How are you breaking number 6? What was your starting point of possibilities and which was did you remove? Its not reducing it to two possibilities if you started with two.
It's not reducing the possibilities if the circumstances can only lead to true or false conclusions or yes and no answers.
Your debate topic doesn't break any of the laws, so the answer is no.
Like I said, those options intrinsically fall under the negative position and thus aren't reductions. You inadvertantly included them with your wording.
If your intent was to reduce the debate positions to only two possibilities then you failed.
Then why are you even on this website? It's kind of hard not to have two thousand points when you have two hundred useless debates and even more useless posts.
What are you talking about? I have more than 36,000 points and 6 years worth of debates and arguments (which is more than 200 useless debates and even more useless posts). So get your facts straight. ;)
You said all our debates. You seem to be unaware of the "Perspectives" debate option. Perhaps it proved difficult to read that far, which is understandable.
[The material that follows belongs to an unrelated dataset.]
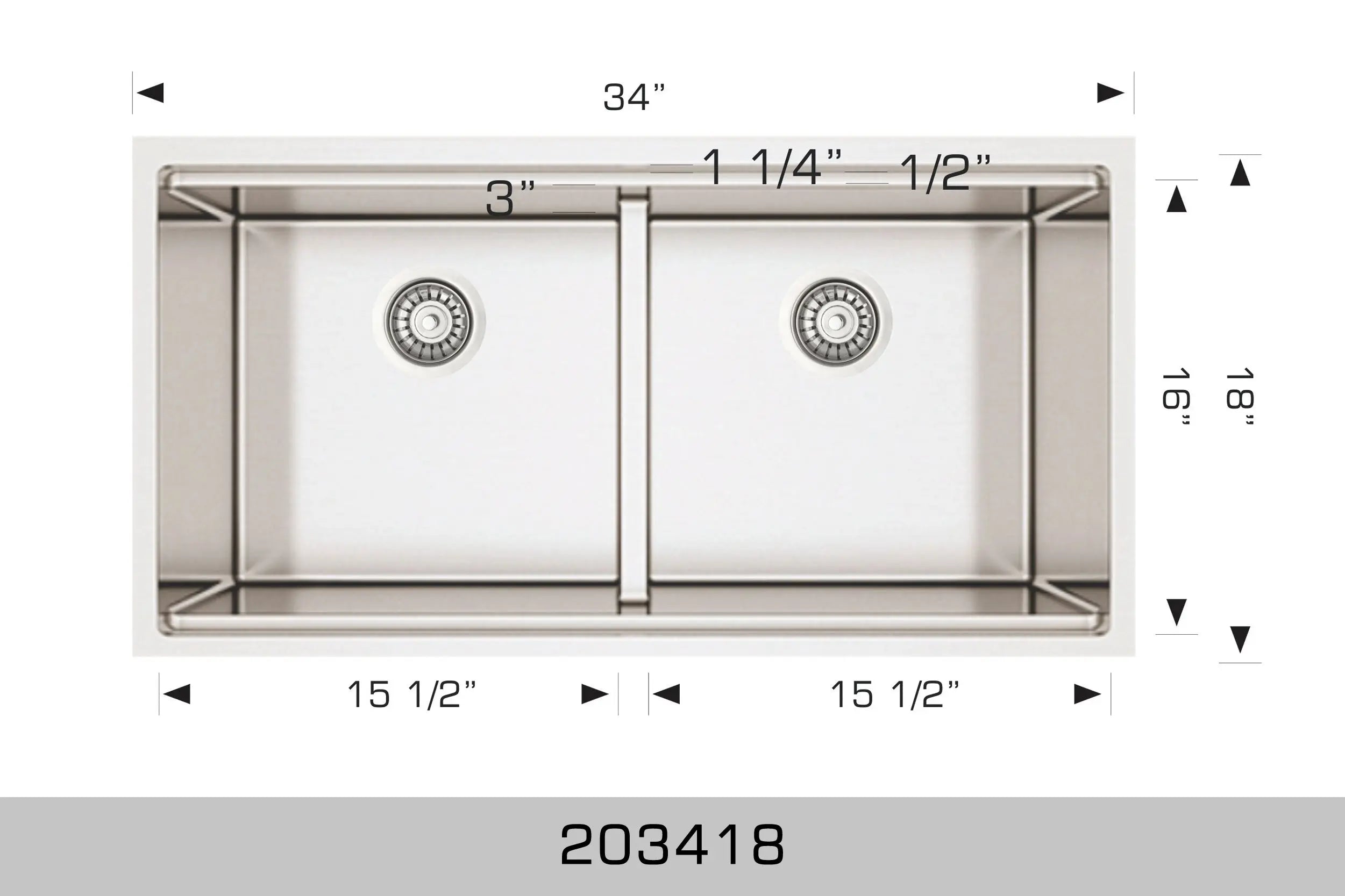 Bosco Titanium Plus Series 34" x 18" Double Bowl Kitchen Sink Radius Corner 203418
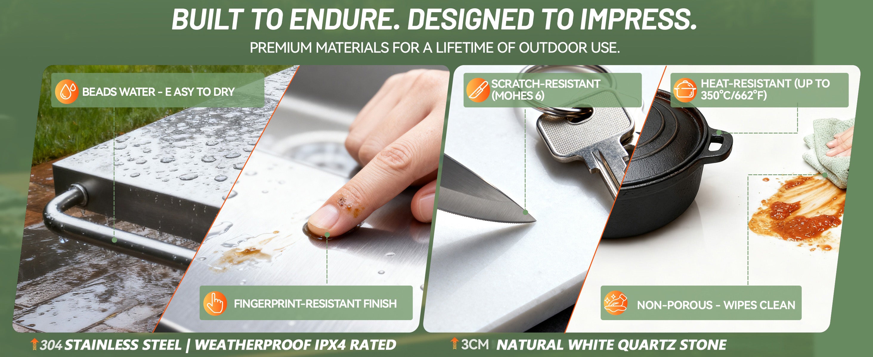 Our products are crafted from premium 304 stainless steel, offering exceptional durability, corrosion resistance, and a sleek modern finish—ideal for all-weather outdoor use.

The number one rule for CD debates is leaving the door open for an attack. Otherwise, no one comes to the party. So, for example, who would go to a debate titled: "Without Oxygen, you would die?"
You can achieve the same effect by having a typo in your debate title or by having a debate title that is not grammatically correct. People look for something to nit-pick.
A yes or no question only has two answers, but there are many justifications for an answer. If it was just you click a button to vote for the side that you think is right, then it might be, but since we are given the chance to explain ourselves, then I don't think we are.